Problem statement. Ignore the pictures in the data below and set down exactly the lines from its first line through the line containing "6001T12z910 Vintage Japanese".

─── Data provided ───

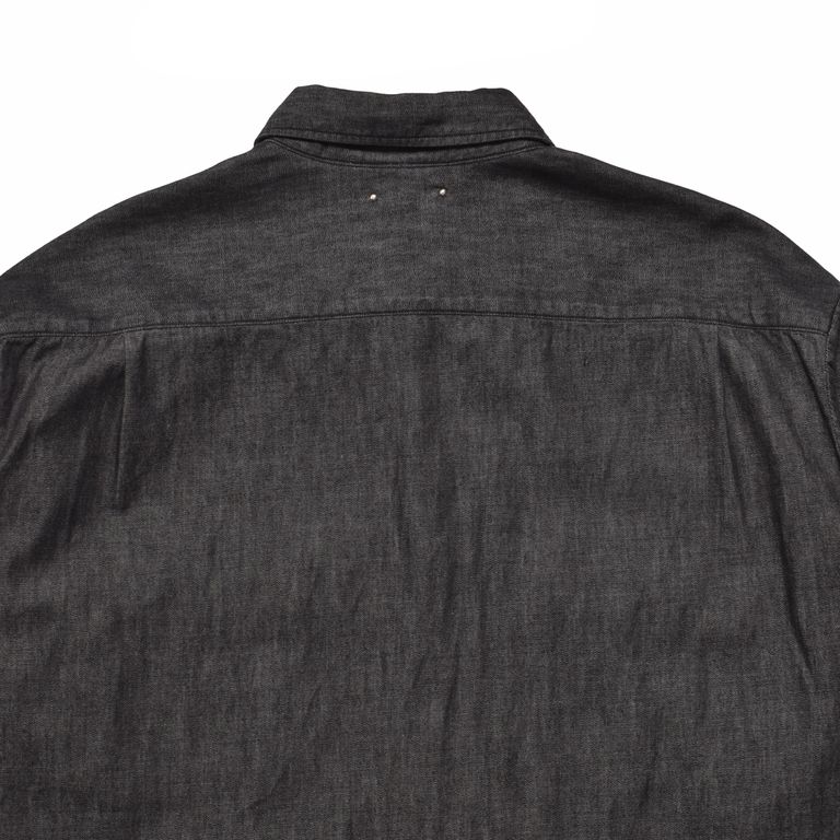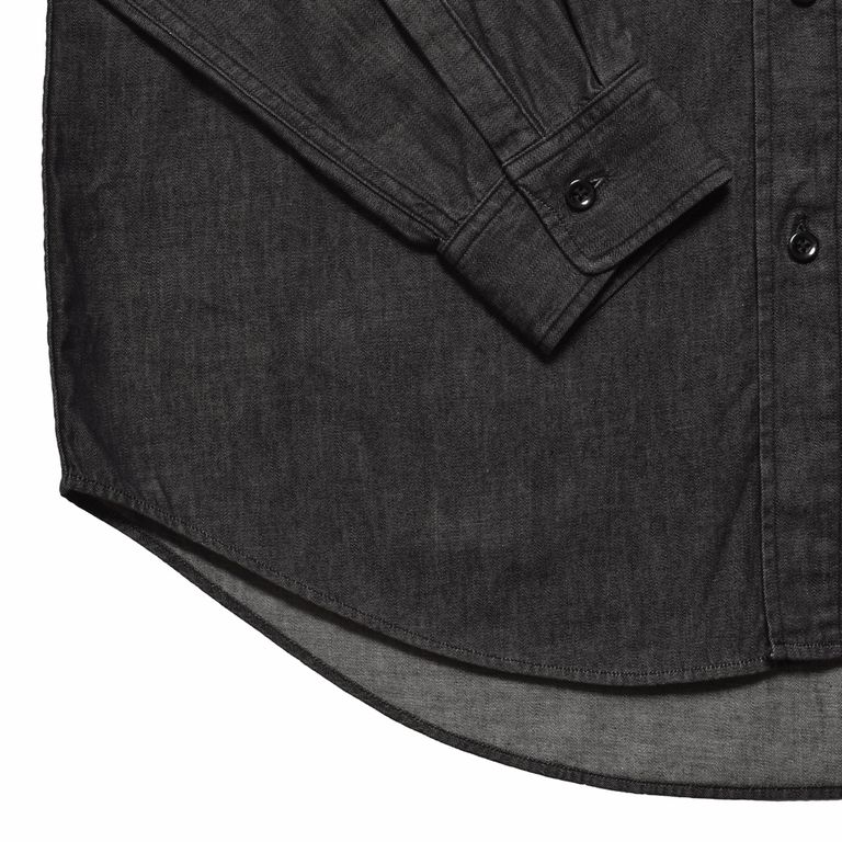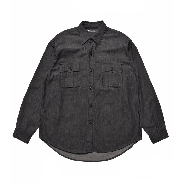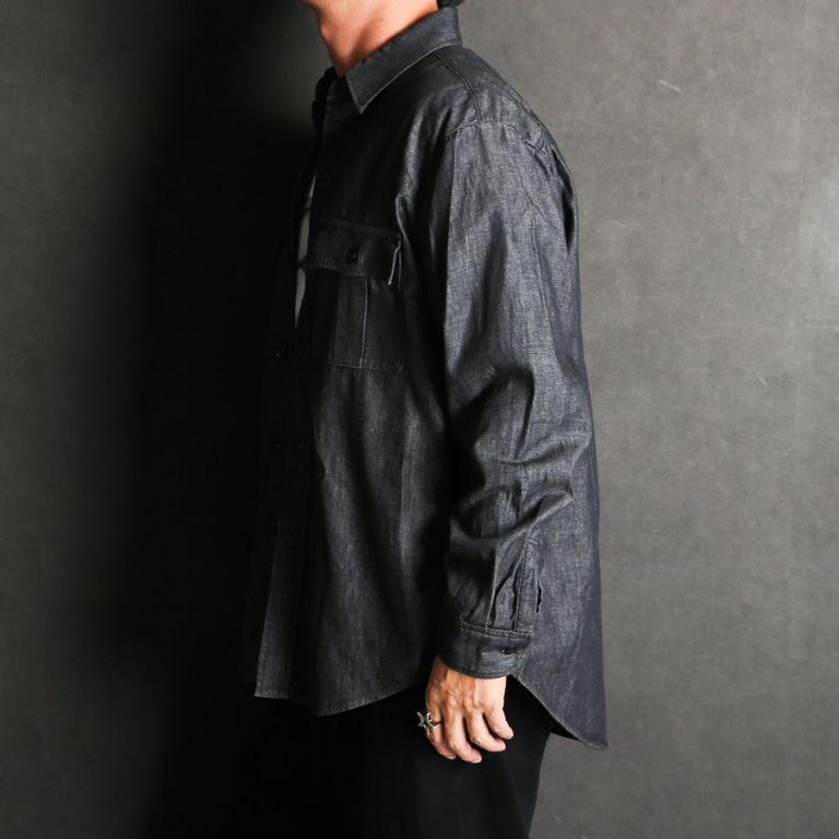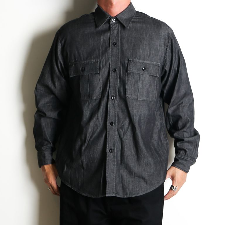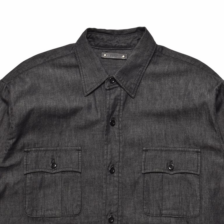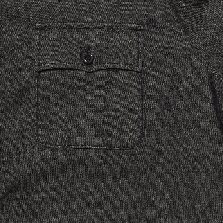 ミリタリーオフィサーシャツから着想を得て、現代的にアップデートしデニムシャツに落とし込んだ。
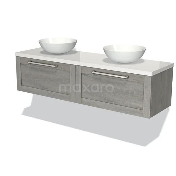 Badmöbel für Waschtischunterschrank mit Konsole 160cm Modulo Plato Graue Eiche 2 Schubladen Rahmen Hochglanz Weiß Platte
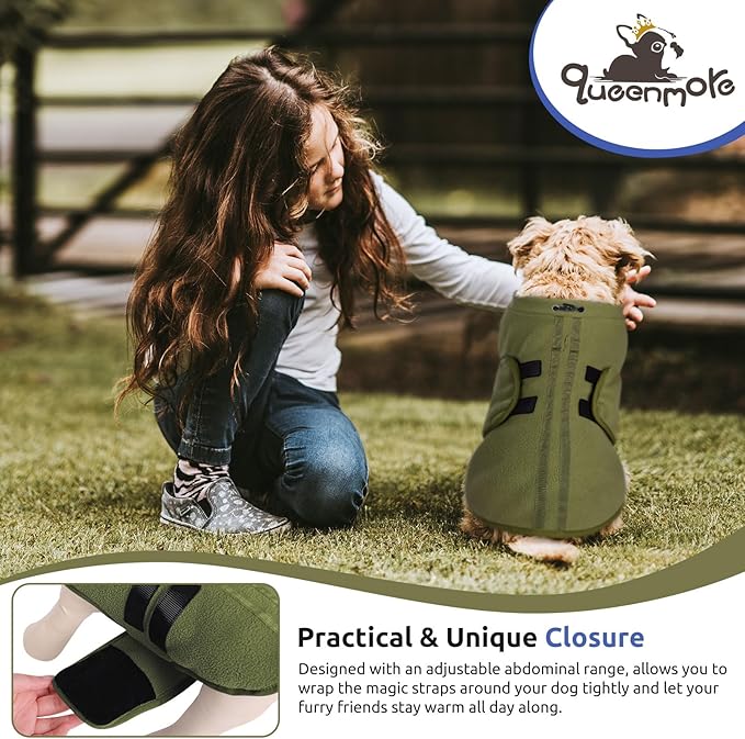 Queenmore XL Dog Sweaters, Soft Fleece Vest Pullover Dog Jacket with Leash Hole, Warm Winter Dogs Clothes Cold Weather Doggy Dachshund Sweater for Large Dogs Cats Boy or Girl (Army Green, XL)
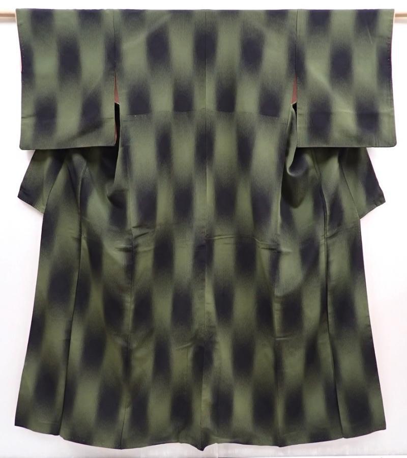 6001T12z910 Vintage Japanese Kimono Silk OMESHI KOMON Grass green
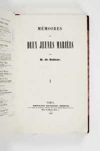BALZAC (Honoré de). Mémoires de deux jeunes mariés. Paris, H. Souverain, 1842. 2 volumes in-8 [214 x 134 mm] de 355 pp. ; (2) ff., 325 pp. : demi-maroquin tabac à grain long avec coins, dos lisses ornés en long d'un décor rocaille doré avec...
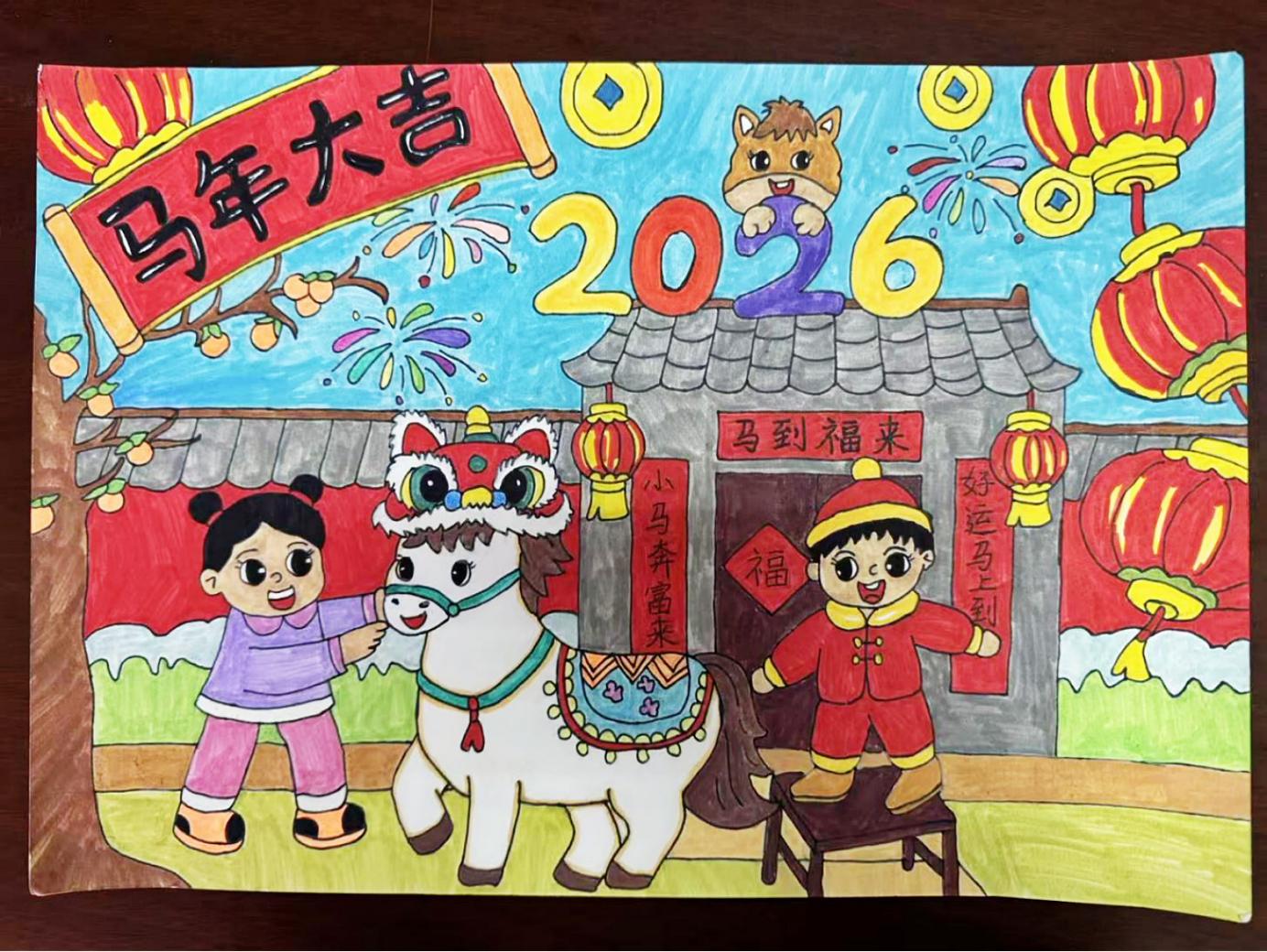 低年级的教室里,孩子们以“新年吉祥”“可爱小马”为创作核心,拿起五彩画笔尽情挥洒想象:有的勾勒出身披红绸、奔腾跳跃的小马;有的描绘了红灯高挂、福字临门的新春图景。一幅幅充满童真的画作,不仅展现了孩子们的艺术天赋,更定格了对新年的美好期盼。
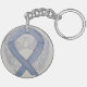 The guardian angel keychain features the art of a silver awareness ribbon angel painting. The silver awareness angel ribbon art keychain can be customised with personalised messages to make great cause keychains for fundraisers, awareness gifts, or other special events or occasions.
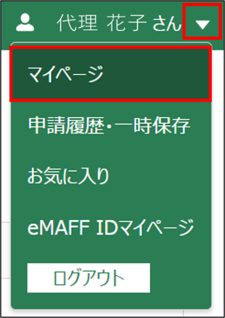 1.画面右上の「▼」ボタンをクリックし、表示された一覧から「マイページ」をクリックします。
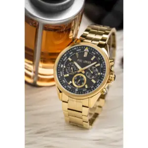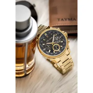 Elegáns, fekete-arany megjelenésű karóra, amely jól illik üzleti és alkalmi öltözékhez is. A rozsdamentes acél kivitel, a kronográf és a dátumkijelzés egyszerre kínál stílust és praktikus mindennapi használatot.
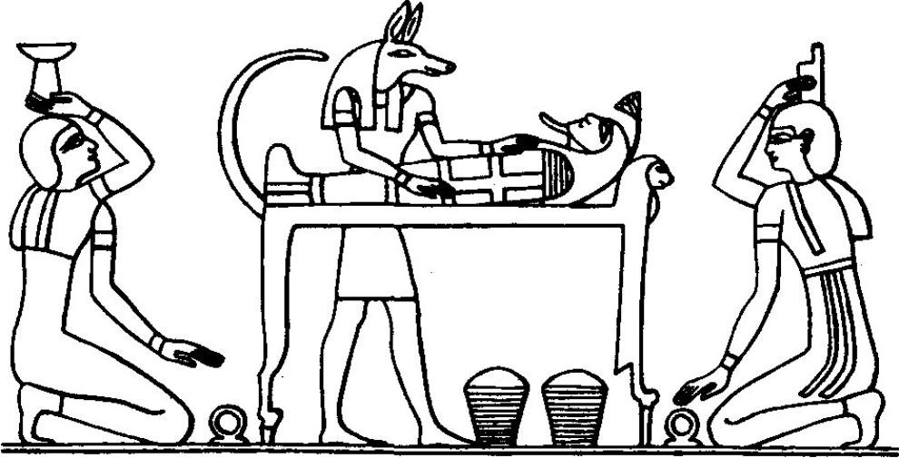 ![Иллюстрация к мифу об Осирисе и Исиде]()
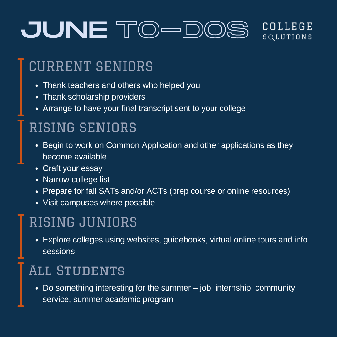 Do something interesting for the summer – job, internship, community service, summer academic program
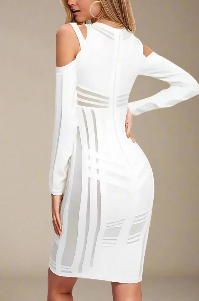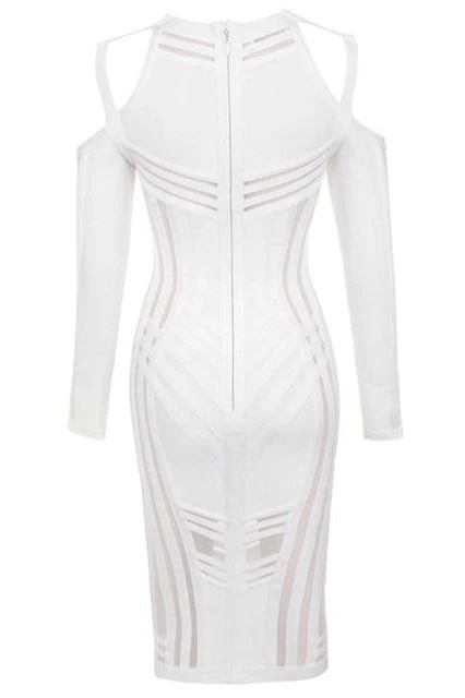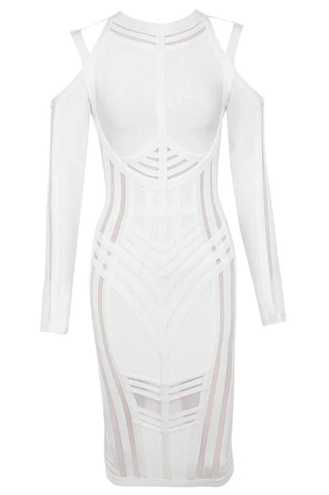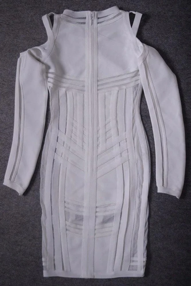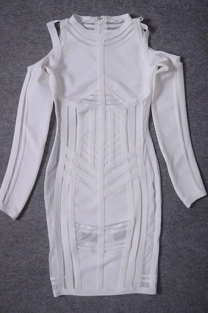 AMELIA LONG SLEEVE BANDAGE DRESS IN WHITE PEARL

───

Written reply.
 ミリタリーオフィサーシャツから着想を得て、現代的にアップデートしデニムシャツに落とし込んだ。
 Badmöbel für Waschtischunterschrank mit Konsole 160cm Modulo Plato Graue Eiche 2 Schubladen Rahmen Hochglanz Weiß Platte
 Queenmore XL Dog Sweaters, Soft Fleece Vest Pullover Dog Jacket with Leash Hole, Warm Winter Dogs Clothes Cold Weather Doggy Dachshund Sweater for Large Dogs Cats Boy or Girl (Army Green, XL)
 6001T12z910 Vintage Japanese Kimono Silk OMESHI KOMON Grass green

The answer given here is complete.